A chiudere il quartetto, l'azero Nabat di Elchin Musaoglu è uno dei due titoli passati in concorso a Tokyo che i cinefili italiani ricorderanno negli Orizzonti dell'ultima Mostra di Venezia. Curioso che anche questo sia un apologo metaforico scevro di dialoghi, dove un'anziana contadina si ritrova a tenere da sola in vita un villaggio su cui incombono i fulmini e i tuoni della guerra. Di confezione assai tradizionale e piuttosto ridondante nella metafora, Nabat ha il suo punto di forza nell'interpretazone convinta della veterana iraniana Fatemeh Motamed Arya.

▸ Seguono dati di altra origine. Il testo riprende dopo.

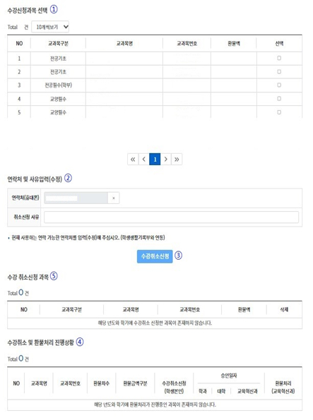 | 수강취소 가능 교과목 수 : 2과목 이내 |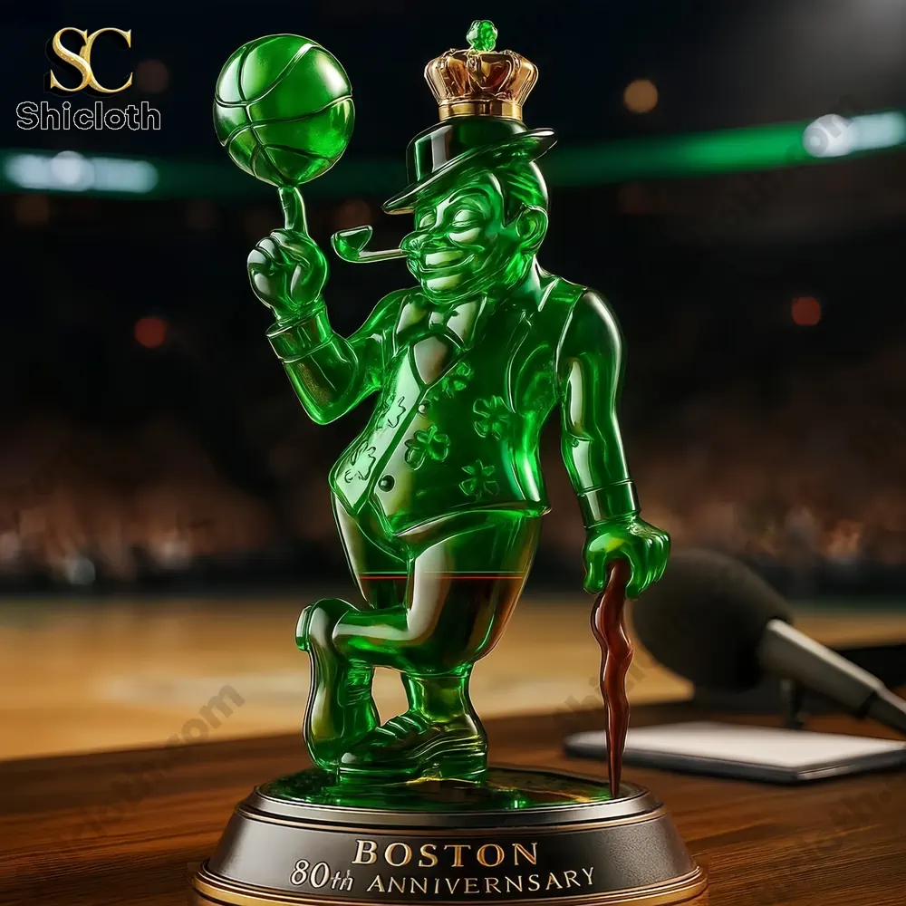 Crafted from Premium Glass, this bottle captures every detail of the iconic figure. It features the figure balancing a textured green basketball on its index finger, while holding a brown, carved cane in the other hand. He’s smiling widely, sporting a pipe, a top hat, and a waistcoat covered in cloverleaf motifs, emphasizing the lucky theme. The main glass body is a rich, vibrant, translucent green. The entire figure stands on a sturdy, detailed bronze-colored base inscribed with “BOSTON 80th ANNIVERSARY” in a clean, legible font, permanently marking this significant milestone. The pouring spout is cleverly placed on top of the hat, ready for your chosen cap to be securely fastened.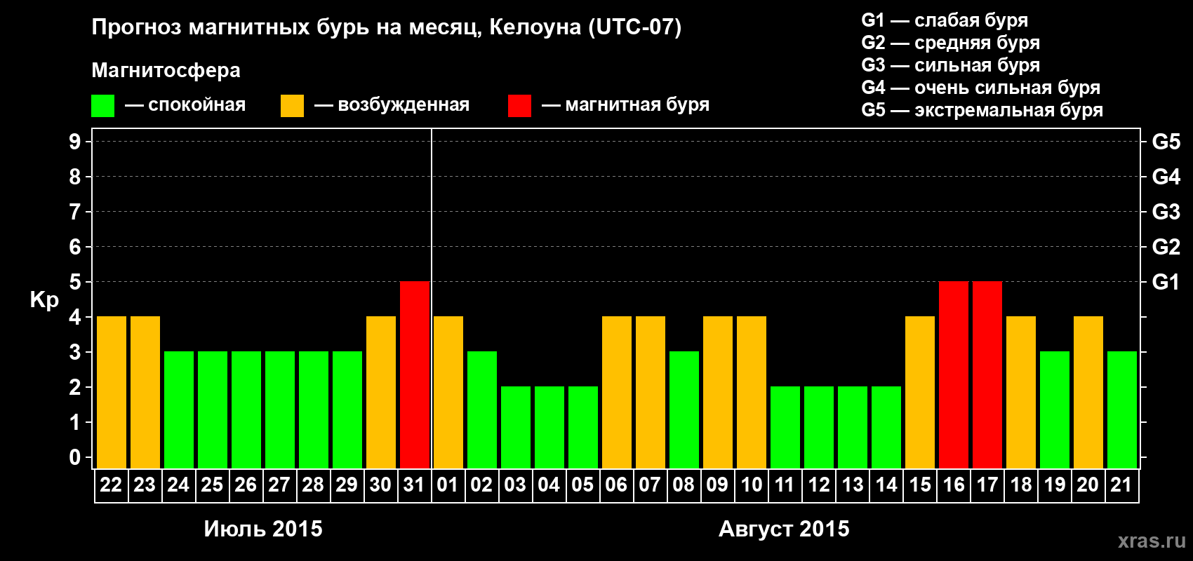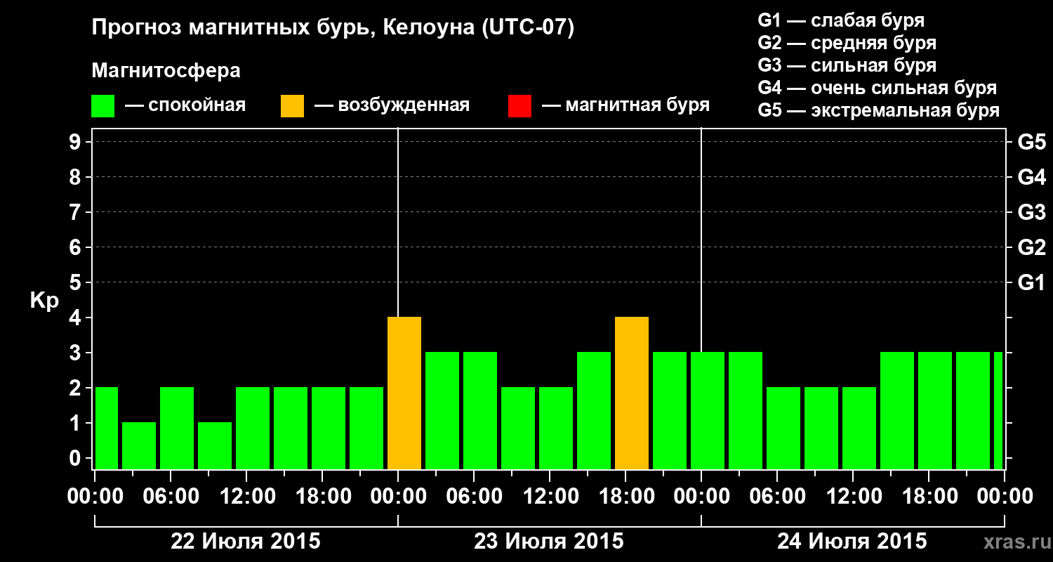 Прогноз магнитных бурь в Келоуне на 22 июля 2015 года

L'intensa prova di Arielle Holmes, alle vicende personali della quale s'ispira il film, è l'elemento più convincente dell'altro reduce dal Lido di Venezia, Heaven Knows What di Joshua e Benny Safdie, indie cassavetiano che racconta senza moralismi un'ossesione d'amore tra tossici per le strade della New York di oggi.

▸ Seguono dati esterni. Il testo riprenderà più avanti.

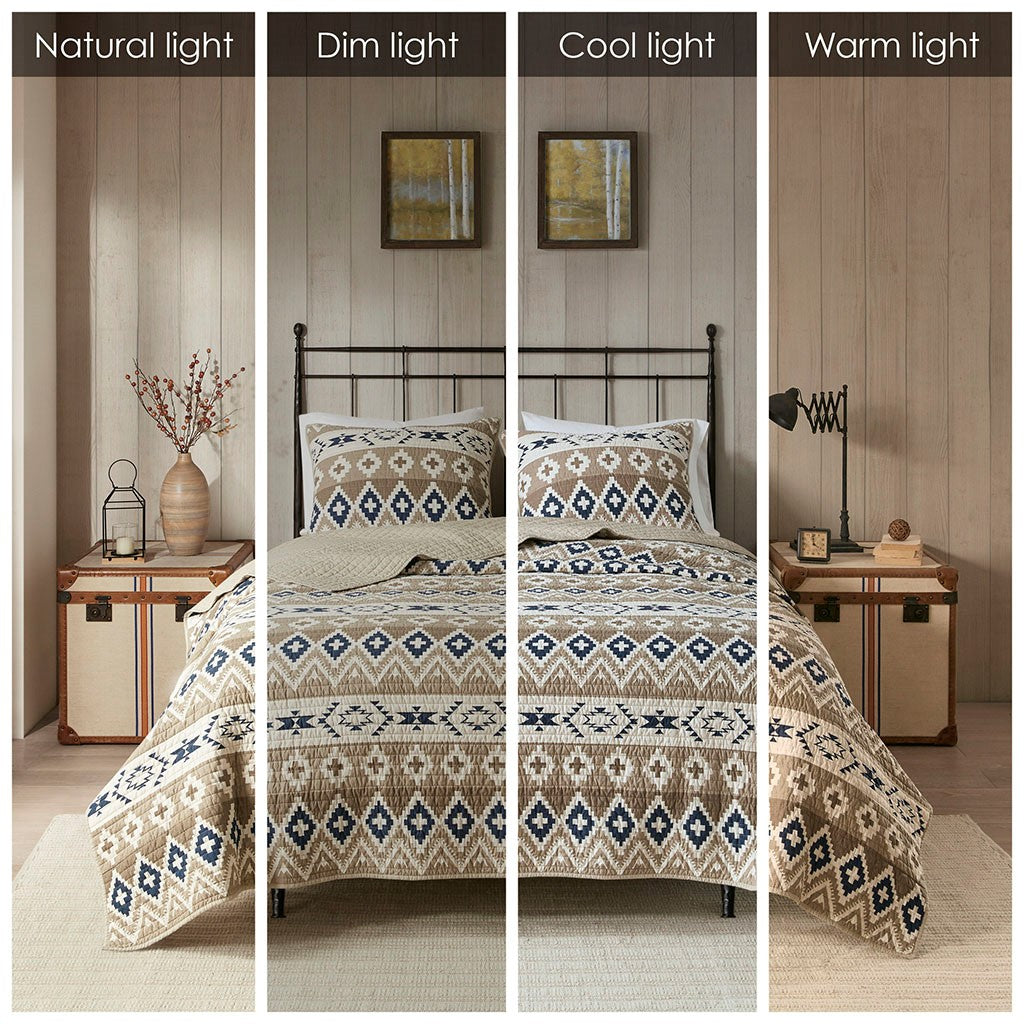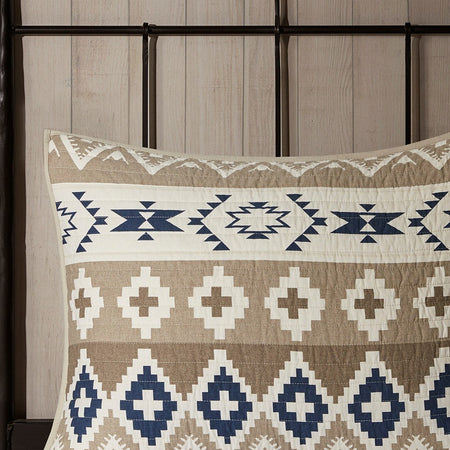 Montana Printed Cotton Oversized Quilt Mini Set - Tan - Full Size / Queen Size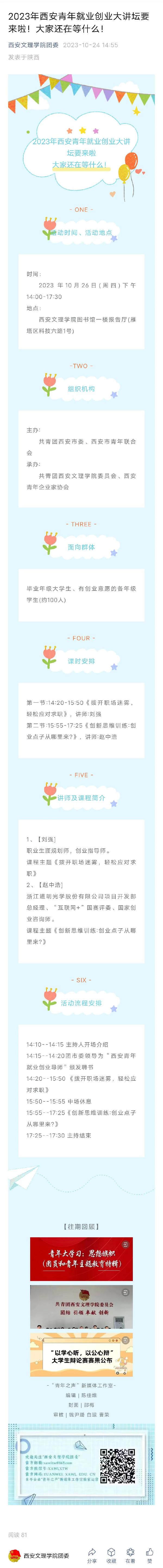2023年西安青年就业创业大讲坛要来啦!大家还在等什么!

Una prima mondiale assoluta è invece l'ultimo titolo in lizza per i premi, il francese Les Jours Venus di Romain Goupil. Ed è abbastanza curioso che il nuovo film di Goupil faccia la sua prima a Tokyo. Regista che gira in prima persona, interpretando se stesso e infarcendo il suo cinema di riferimenti alla propria vita e allo stato di cose socio-politico contemporaneo - francese e non solo, Goupil è uno di quegli autori d'Oltralpe il cui cinema rischia di parlare appieno solo ad una ristretta cerchia di adepti e convertiti. Si fa un po' fatica quindi a immaginare che la platea giapponese media abbia abbracciato appieno la peraltro amabile (auto)ironia di quest'opera crepuscolare, che ricama sulle sorti di un cineasta sessantenne alle prese con l'intricata burocrazia delle pratiche dell'INPS francese, con il suo nuovo progetto cinematografico (a sua detta, il suo più commerciale: un regista causa catastrofi naturali ogniqualvolta inizia a girare...) e con la messa in scena del proprio funerale. Fatichiamo ancor di più a immaginarlo incluso nel palmarès della giuria molto hollywoodiana di Tokyo 2014. Ma non si sa mai: se c'è un ambito in cui sorprese e piccoli miracoli sono sempre dietro l'angolo, è proprio quello dei verdetti dei festival. E riconoscimenti o meno, siamo grati a Goupil per il buonumore che Les Jours Venus dispensa con intelligente nonchalance.